Lambda Task Timed Out: Fixing VPC, Timeout, and Memory Configuration

Your monitoring just fired this alert:

{
  "errorType": "Task timed out after 30.03 seconds",
  "requestId": "a1b2c3d4-5678-90ab-cdef-EXAMPLE"
}

Or you see this in CloudWatch Logs:

REPORT RequestId: a1b2c3d4-5678-90ab-cdef-EXAMPLE
Duration: 900015.67 ms
Billed Duration: 900000 ms
Memory Size: 128 MB
Max Memory Used: 125 MB
Status: timeout

Lambda timeouts are one of the most misleading errors in AWS because the first instinct is always to look at the code. But in my experience, the majority of Lambda timeout issues have nothing to do with code performance. They are caused by VPC network misconfigurations, insufficient memory leading to CPU throttling, or downstream services that are unreachable.

Here are the five root causes I encounter most often, along with the diagnostic steps and CLI commands to identify and fix each one.

Root Cause 1: Lambda in VPC Without NAT Gateway

This is the single most common cause of Lambda timeouts, and I see it at least once a month during client engagements. When you place a Lambda function in a VPC, it creates an Elastic Network Interface (ENI) in the specified subnets. If those subnets are private subnets without a route to a NAT Gateway, the function has no internet access — and it cannot reach any AWS service endpoint outside the VPC.

The function does not fail immediately. It tries to connect, waits for the TCP timeout, and eventually exceeds the Lambda timeout.
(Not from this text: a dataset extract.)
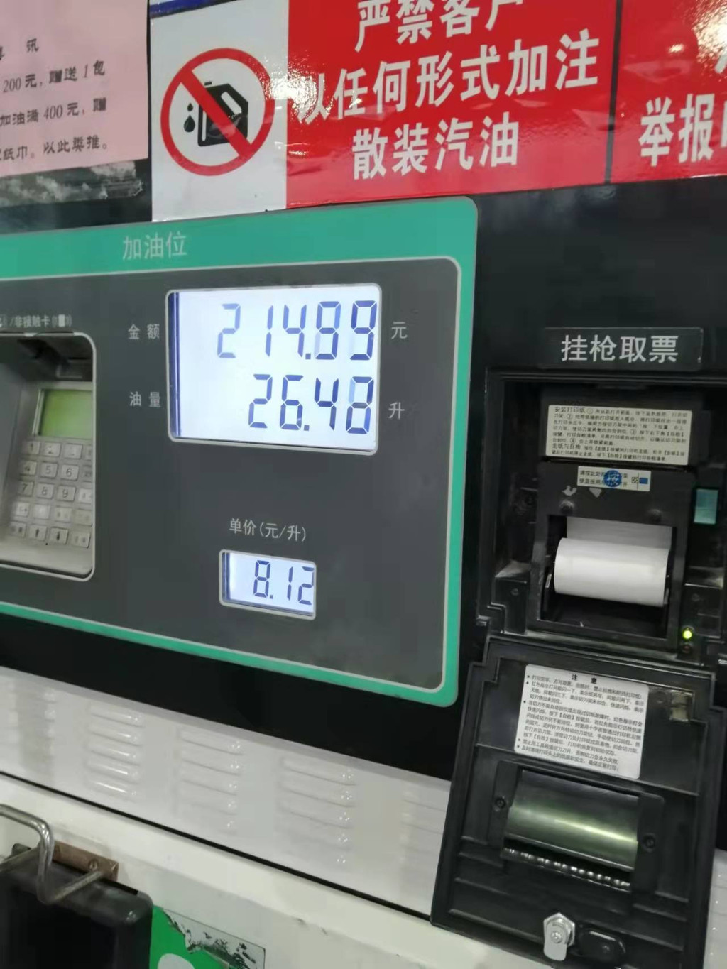 在中石化浦东羽山路加油站加95号油350元,8.12元/升。

The error message says nothing about networking.

Diagnosis

First, check the Lambda function's VPC configuration:

aws lambda get-function-configuration \
  --function-name my-function \
  --query '{
    VpcConfig: VpcConfig,
    Timeout: Timeout,
    MemorySize: MemorySize
  }'

Then check the route table for the subnets the function uses:

# Get the subnet's route table
aws ec2 describe-route-tables \
  --filters "Name=association.subnet-id,Values=subnet-0abc123" \
  --query 'RouteTables[0].Routes[*].{
    Destination: DestinationCidrBlock,
    Target: GatewayId || NatGatewayId || TransitGatewayId,
    State: State
  }' \
  --output table

If the only route is the local VPC route (10.0.0.0/16 -> local), the subnet has no internet access. You need a route to a NAT Gateway for the 0.0.0.0/0 destination.

Also verify the NAT Gateway exists and is in an available state:

aws ec2 describe-nat-gateways \
  --filter "Name=vpc-id,Values=vpc-0abc123" \
  --query 'NatGateways[*].{
    ID: NatGatewayId,
    State: State,
    SubnetId: SubnetId,
    PublicIp: NatGatewayAddresses[0].PublicIp
  }' \
  --output table

Solution

Create a NAT Gateway in a public subnet and add a route from the private subnet:

# Allocate an Elastic IP
ALLOC_ID=$(aws ec2 allocate-address --domain vpc --query 'AllocationId' --output text)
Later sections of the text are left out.